Target File: {target_file}

Original File Content:
```python
{file_content}
```

Issue:
{example['problem_statement']}
"""
        return {
            "prompt": prompt,
            "repo": example["repo"],
            "instance_id": example["instance_id"],
            "base_commit": example["base_commit"],
        }
        
    dataset = dataset.map(format_dataset)

    model_name = "Qwen/Qwen2.5-Coder-1.5B-Instruct"
    tokenizer = AutoTokenizer.from_pretrained(model_name)
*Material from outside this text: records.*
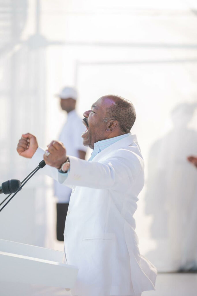 A ses partisans et aux très nombreux figurants payés 5.000 francs CFA (un peu plus de 7 euros), Ali Bongo tout de blanc vêtu comme le veut le codes vestimentaire de son parti a lancé : « j’ai besoin de vous du P.D.G., (…) pour transformer le Gabon ».
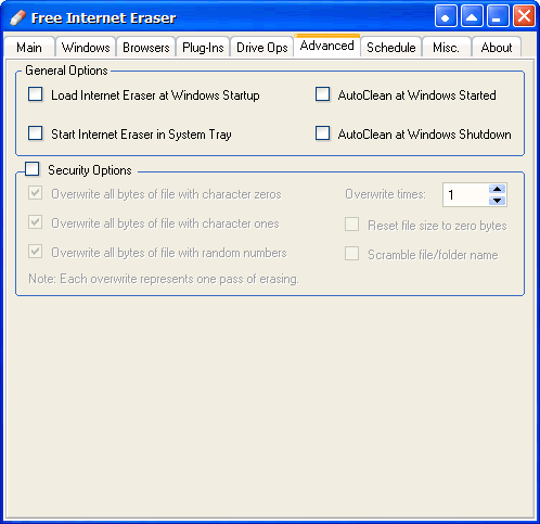 После запуска приложение открывается в одном окне с несколькими вкладками, каждая из которых отвечает за определённый тип данных. Вкладка Windows позволяет стереть список недавно использованных документов, временные файлы и журналы автозагрузки. Раздел Browser включает инструменты для очистки истории, паролей и автозаполнения в браузерах. Пользователь может настроить детальные параметры очистки, выбрав конкретные компоненты для удаления. Планировщик заданий позволяет настроить автоматический запуск очистки по расписанию, что удобно для регулярного поддержания приватности. Также доступна функция быстрой очистки, которая устраняет наиболее распространённые следы за несколько кликов.
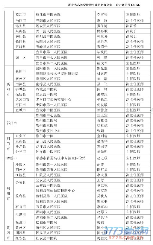 [组图]2015湖北高考招生体检机构及主检医师名单
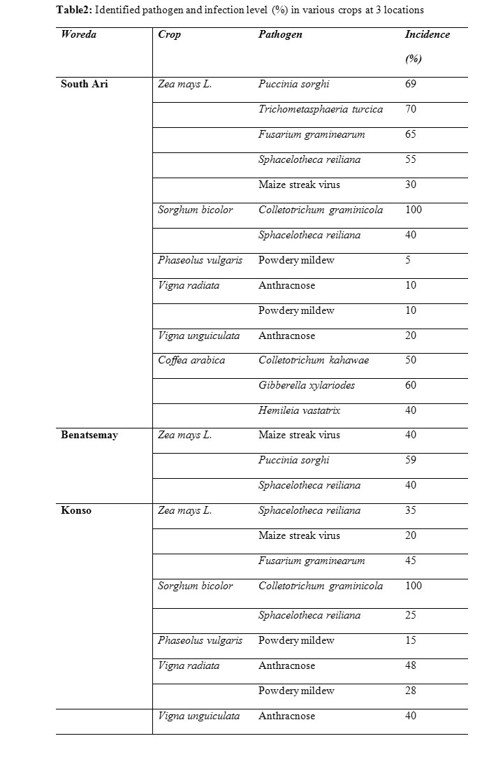 Maize and Sorghum are the major cereal crops in South omo and Segen people’s zone. The major pathogens that cause disease in maize are Puccinia sorghi, Trichometasphaeria turcica, Fusarium graminearum, Sphacelotheca reiliana, and Maize streak virus (Tabel 2). Where as in sorghum the major diseases causing pathogen are Colletotrichum graminicola and Sphacelotheca reiliana. In addition to maize, sorghum, haricot bean, cow pea and mung bean are the major pulse crops in these zones. The pathogen that cause diseases in these pulse crops in two zones are powdery mildew and Anthracnose
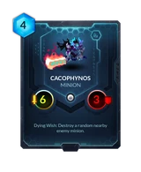 | Cacophynos | 4 | 6 | 3 | Dying Wish: Destroy a random nearby enemy minion. | |||
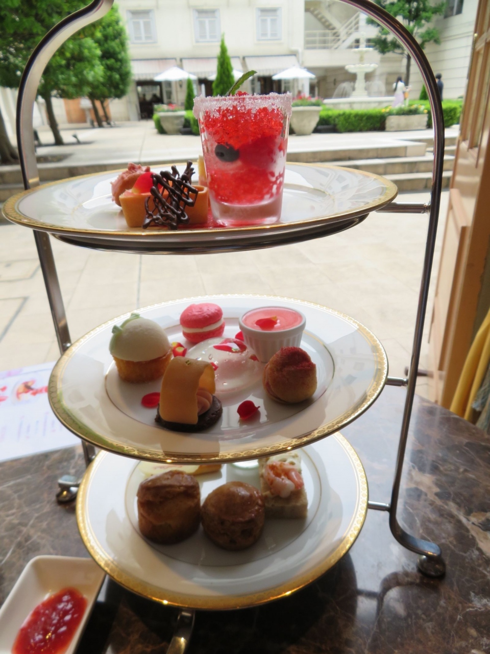 そして3段トレイに載せられたセットには薔薇や旬のイチゴの赤が目立ちました。

    training_args = GRPOConfig(
        output_dir="outputs",
        learning_rate=5e-6,
        max_steps=50,
        per_device_train_batch_size=1,
        gradient_accumulation_steps=4,
        num_generations=4,
    )

    trainer = GRPOTrainer(
        model=model_name,
        processing_class=tokenizer,
        reward_funcs=[sandbox_reward_func],
        args=training_args,
        train_dataset=dataset,
    )

    print("Starting GRPO training with GKE Agent Sandboxes...")
    trainer.train()

def main():
    print("Submitting training job to GPU worker...")
    ray.get(train.remote())

if __name__ == "__main__":
    main()
EOF

Submit the Job to the Cluster

First, port-forward to the Ray Head dashboard and submit the training job from your local machine:

kubectl port-forward service/grpo-cluster-head-svc 8265:8265 &

ray job submit \
  --address http://localhost:8265 \
  --runtime-env-json '{"working_dir": "."}' \
  -- python train_trl.py

Monitor the Run

You can monitor the progress of your run:

Ray Dashboard: Open http://localhost:8265 in your browser.
Sandbox Claims: Watch GKE dynamically claim and release sandboxes under gVisor:
```
watch -n 1 "kubectl get sandboxclaims,sandboxes,pods"
```

6. Conclusion

Congratulations! You have successfully configured and executed a high-performance distributed RL training loop securely on GKE Standard using GKE Agent Sandboxes.